Representative Keith Ammon told the committee House Bill 302 would add precious metals and ‘‘digital assets’’ above a specified market‑capitalization threshold to the list of authorized investments for the state treasury, and suggested the easiest implementation would be through exchange‑traded products rather than custodying bullion.
Why it matters: the proposal would expand the treasury’s investment toolbox and could expose public reserves to new asset classes. Supporters framed the change as a modest, optional hedge against inflation and declining purchasing power; critics warned of volatility and legal constraints.
Sponsor pitch and numbers cited
Ammon argued that a small allocation of state funds to scarce assets like gold or Bitcoin could protect long‑term purchasing power. During the hearing he cited price movements discussed in testimony (gold noted as roughly $2,000 an ounce a year earlier and trading higher now; Bitcoin referenced rising from about $43,000 to roughly $97,000 over a year as described in testimony) and said allocations would be enabling, not mandatory.
Limits discussed in committee
Members asked how the treasurer might use the authority and what safeguards would be required.

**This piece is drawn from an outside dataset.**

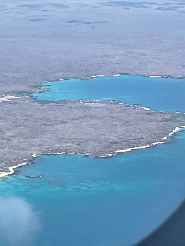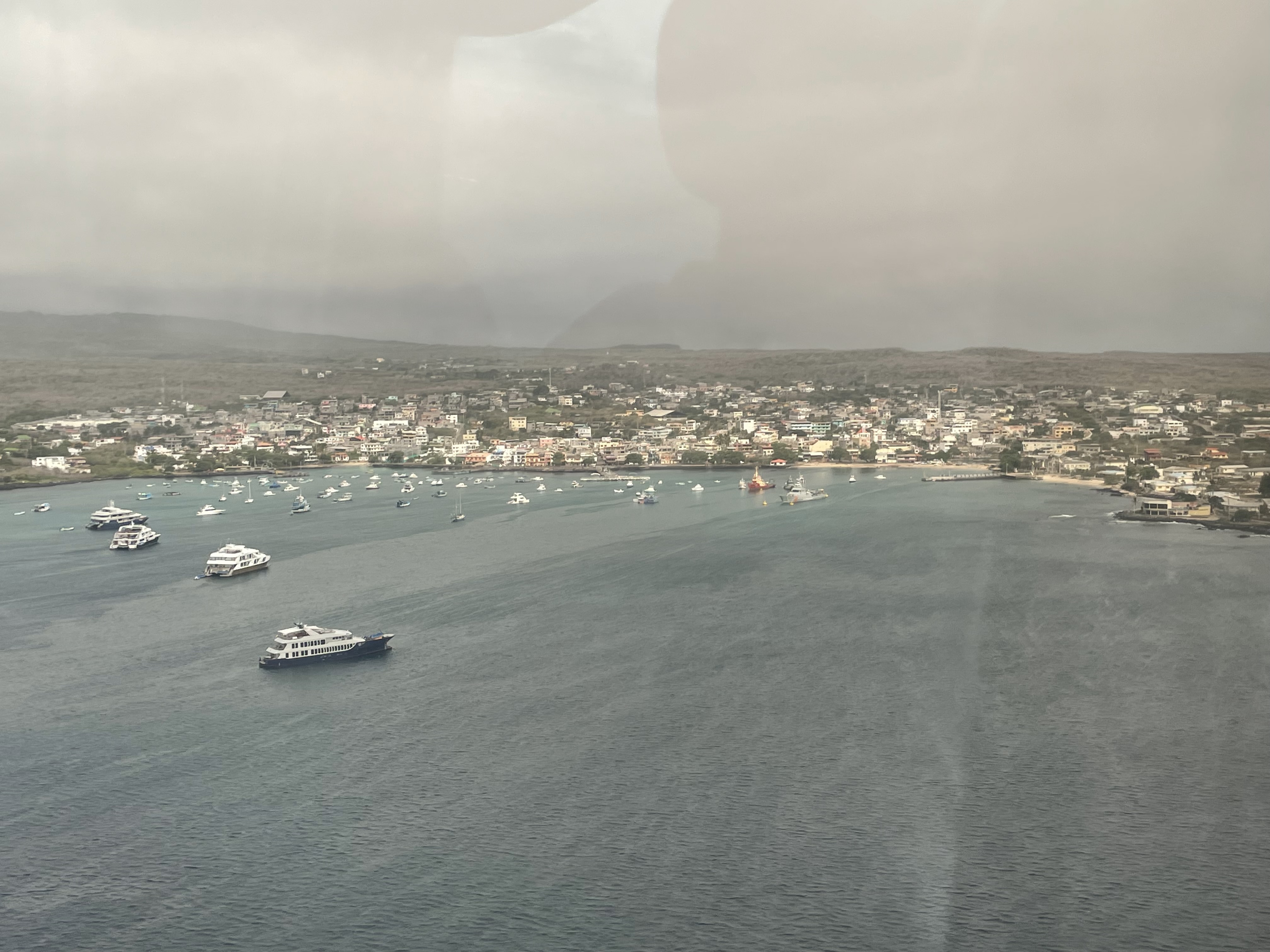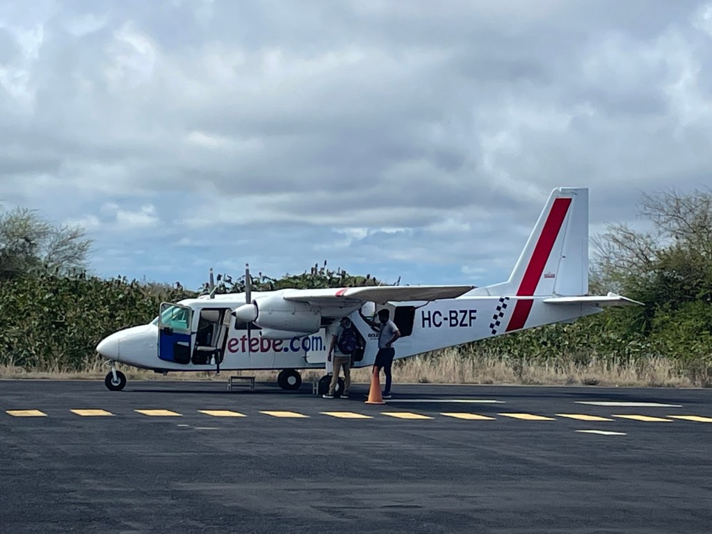 Vol sur une ligne régulière des LATAM Airlines, un Airbus 319. Comme tous les avions partant de Quito, il fait d’abord étape à Guayaquil où il se recharge en carburant, puis moins de deux heures d’un vol sans encombre jusqu’à Baltra, une ancienne base militaire qui sert désormais d’aéroport pour l’île de Santa Cruz.

Ammon said the bill contains or contemplates limits: witnesses and members discussed a proposed market‑cap floor for digital assets (spoken in the hearing as $500,000,000,000, i.e., $500 billion) to exclude “meme” or small tokens, and a practical allocation ceiling mentioned in the hearing was modest — several speakers and questions discussed single‑digit percentages (representatives referenced examples such as 1%, 0.5% or up to 2% of certain funds, and another passage referenced a 10% cap as an initial draft that could be reduced).
Public testimony — advocates and skeptics
Tom McCarthy of Satoshi Action Fund and other witnesses urged the committee to enable treasurers to use digital assets and precious metals as a complement to traditional instruments, saying small allocations historically would have offset real‑term losses caused by inflation. Nicholas Slaney, an expert who served on a state commission, argued early adoption could be strategically valuable.

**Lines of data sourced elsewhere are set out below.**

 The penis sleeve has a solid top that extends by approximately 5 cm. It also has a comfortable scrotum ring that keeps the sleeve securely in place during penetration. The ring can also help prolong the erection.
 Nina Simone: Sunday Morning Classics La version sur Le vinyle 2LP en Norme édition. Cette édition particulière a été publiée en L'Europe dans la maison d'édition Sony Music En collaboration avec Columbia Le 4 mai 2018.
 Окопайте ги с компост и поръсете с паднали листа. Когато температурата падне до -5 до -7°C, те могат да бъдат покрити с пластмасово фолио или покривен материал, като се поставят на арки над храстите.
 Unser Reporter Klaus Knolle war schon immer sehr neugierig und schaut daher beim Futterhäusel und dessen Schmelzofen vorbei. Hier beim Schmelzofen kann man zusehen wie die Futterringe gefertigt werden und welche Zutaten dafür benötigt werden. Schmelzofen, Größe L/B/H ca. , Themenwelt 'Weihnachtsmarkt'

Opposition and legal questions
Representative Kelly Potenza strongly opposed adding Bitcoin, citing a Constitutional clause about coinage and arguing that Bitcoin is speculative rather than a monetary instrument. Several lawmakers asked whether the treasurer or bonding agencies would accept the risk; Ammon said the proposal is enabling, not a mandate, and he described prior discussions with the treasurer as “curious” and potentially open to cautious engagement.

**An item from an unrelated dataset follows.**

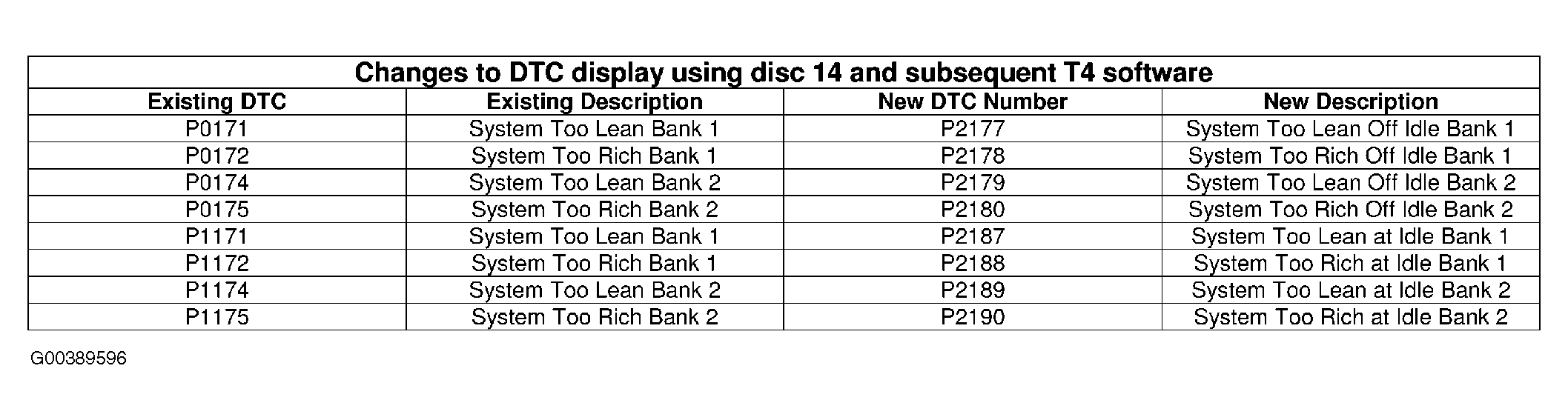 To provide compatibility with later 2005 model year DTCs, from disc 14 of the Range Rover TestBook/T4 diagnostic software, the DTCs in the following table will be displayed with new DTC numbers and descriptions. See Fig 1

Practical safeguards and next steps
Witnesses and members discussed custody and insurance, market‑cap thresholds, use of ETFs or insured custodian structures, and the likelihood that any practical implementation would be small and applied to long‑horizon funds. The sponsor said the bill would give the treasurer “tools in the toolbox” and that the legislature can set guardrails in subcommittee work.
Ending
The committee closed the public hearing and signaled the matter will go to subcommittee for more detailed drafting and fiscal review.